Researchers from Harvard University, Princeton University’s Plasma Physics Laboratory, and the U.S. Department of Energy are working towards replicating the energy of the sun in the form of fusion energy.
The process involves heating nuclei of light atoms to create plasma comprised of ionized particles to millions of degrees, however, the plasma created is simply too hot and unstable for known materials to contain it. To help solve the problem, researchers designed a tokamak fusion reactor capable of confining the hot plasma to the center of a donut-shaped device comprised of powerful magnets
In a new Nature paper published this week, the team describes how they were able to use the cuDNN-accelerated TensorFlow deep learning framework and NVIDIA V100 GPUs to forecast sudden disruptions that can halt fusion reactions and damage the tokamaks that house the reactions.

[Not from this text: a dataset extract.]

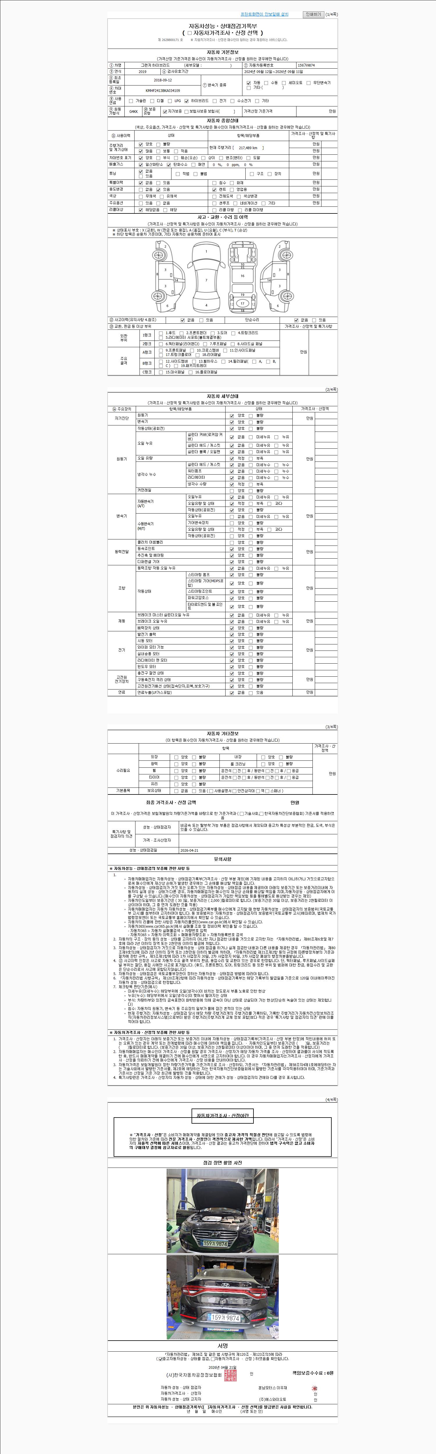 | 주행거리 | 217,000 km | 차량번호 | 159가9874 | 사고유무 | 성능기록부 참조 | 제시번호 | 제 2026060187 호 |

The deep learning code called the Fusion Recurrent Neural Network was trained on more than two terabytes of data.
“Nuclear fusion power delivered by magnetic-confinement tokamak reactors holds the promise of sustainable and clean energy,” the researchers wrote in their paper.
The scientists are leveraging the power of NVIDIA GPUs on the Summit and Titan supercomputers at the Oak Ridge National Laboratory in Tennessee.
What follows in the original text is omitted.